Preferably, in S5, for each calculation period T, due to noise in the inter-vehicle communication or in-vehicle sensor signal acquisition, the rear vehicle HC may not accurately determine the distance to the front vehicle QC or the front pedestrian obstacle XR, resulting in too early or too late braking, or even no braking or lane change; corresponding braking actions may also be implemented, but cause discomfort to passengers and even cause accidents;

in the anti-collision policy algorithm, at any time t, the state of the environment is represented as:

S(t)＝{x _HC (t)，v _HC (t)，a _HC (t)，x _QC (t)，v _QC (t)，a _QC (t)} (11)

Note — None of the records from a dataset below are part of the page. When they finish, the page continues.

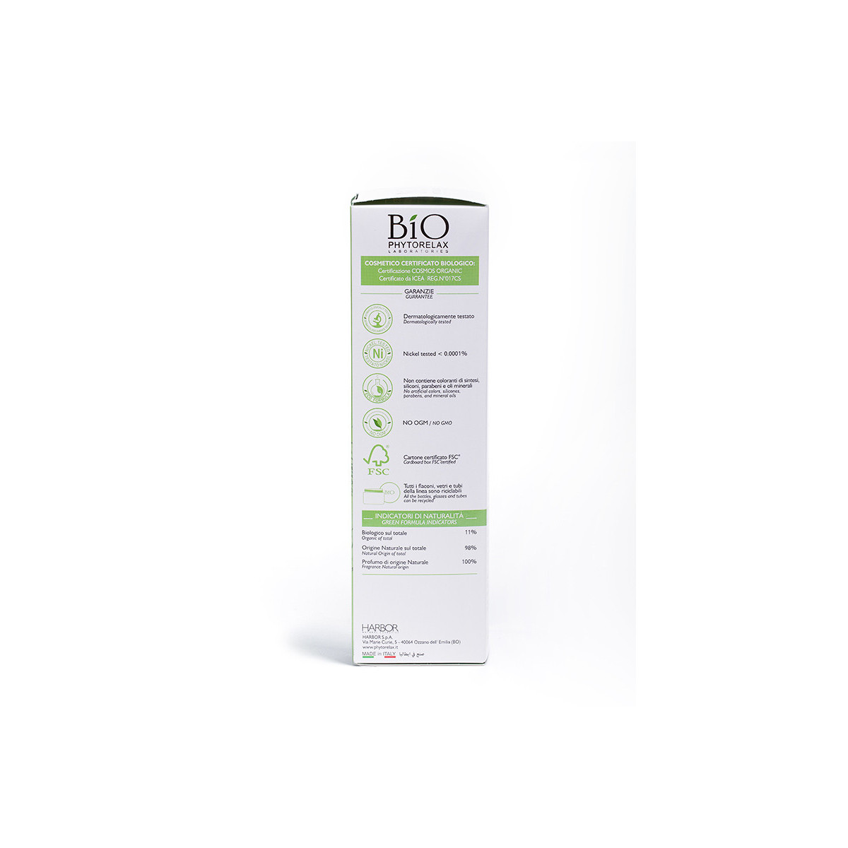 | Certificati di sostenibilità | COSMOS NATURAL ICEA, Forest Stewardship Council (FSC) |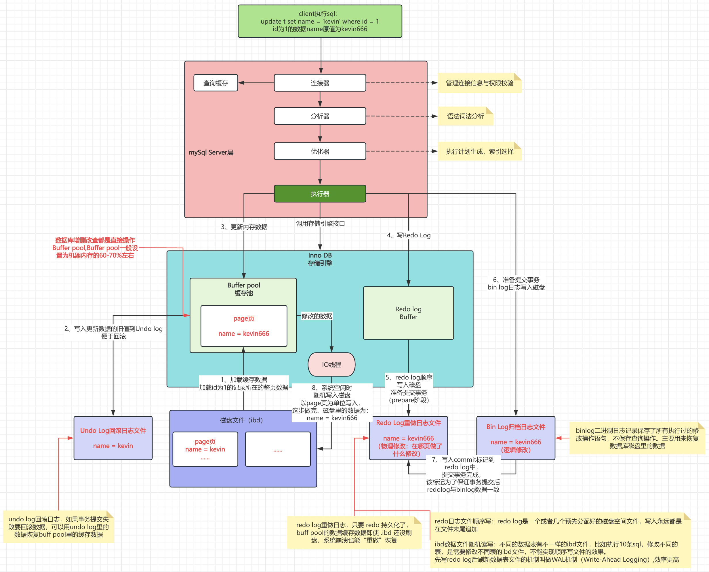 因为来一个请求就直接对磁盘文件进行随机读写,然后更新磁盘文件里的数据性能可能相当差。 磁盘随机读写的性能是非常差的,所以直接更新磁盘文件是不能让数据库抗住很高并发的。 Mysql这套机制看起来复杂,但它可以保证每个更新请求都是更新内存BufferPool,然后顺序写日志文件,同时还能保证各种异常情况下的数据一致性。 更新内存的性能是极高的,然后顺序写磁盘上的日志文件的性能也是非常高的,要远高于随机读写磁盘文件。 正是通过这套机制,才能让我们的MySQL数据库在较高配置的机器上每秒可以抗下几千的读写请求。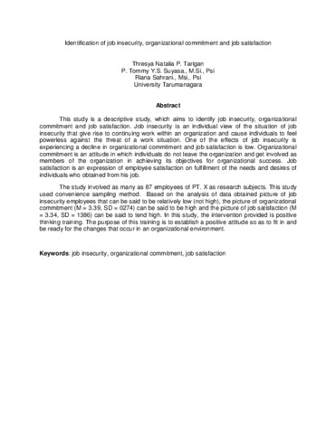Natalia P.T., Thresya (2012) Identifikasi job insecurity, komitmen organisasi dan kepuasan kerja. Masters thesis, Universitas Tarumanagara.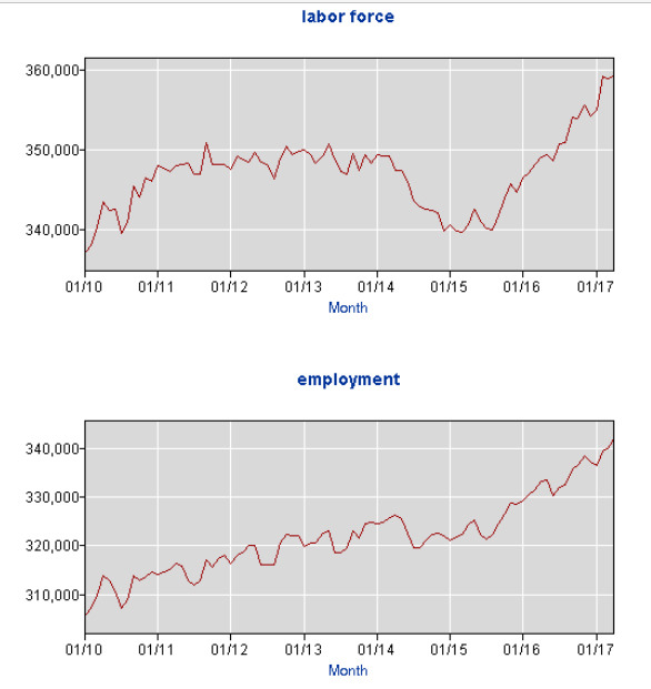 The Labor Force, i.e., the number of people participating in the labor market, i.e., working, or looking for work, takes a pretty decided jump there about July, 2015, after an anomalous bump in about April. What happened?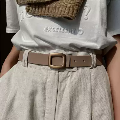 Brown leather wide belt Women summer decoration simple Joker pants belt women ins tide with suit jeans

is the current position (x) of the rear vehicle HC and the front vehicle QC _HC (t)，x _QC (t)), velocity (v) _HC (t)，v _QC (t)) and acceleration (a) _HC (t)，a _QC (t)) a tensor of composition;

the control strategy includes braking or steering to an adjacent lane to avoid collision, and the implementation action in the corresponding reinforcement learning model is represented as:

A(t)＝{a _d (t)，θ(t)} (12)

wherein, a _d (t) is the deceleration of the rear vehicle, theta (t) is the steering angle of the rear vehicle, and the value of the deceleration is quantized and is in the range of [0, 10 ]]0 for no braking and 10 for maximum braking deceleration-4 m/s ² The steering angle theta (t) has a value range of [ -1, 1 [ ]]Negative numbers represent left turns, positive numbers represent right turns, 0 represents no turns;

the reward function R (t) in the algorithm is an incentive for guiding the control strategy to implement the optimal action A (t) under the environmental state S (t), and for early braking, the reward function is set as follows:

R ₁ (t)＝-δ[(x _Δ (t)-L _p -X) ² +α] (13)

wherein x is _Δ (t) is the distance difference between the rear vehicle and the front vehicle (or pedestrian obstacle) moving in the forward direction of the rear vehicle, L _p Is the average vehicle length, X is a safe distance threshold, δ and α are weighting factors, when X Δ (t) > (L) _p + X), δ > 0, otherwise δ ═ 0;

for too late braking or no braking, the reward function is set to:

R ₂ (t)＝-ρ[(x _Δ (t)-L _p ) ² +(v _HC (t)-v _Qc (t)) ² +β] (14)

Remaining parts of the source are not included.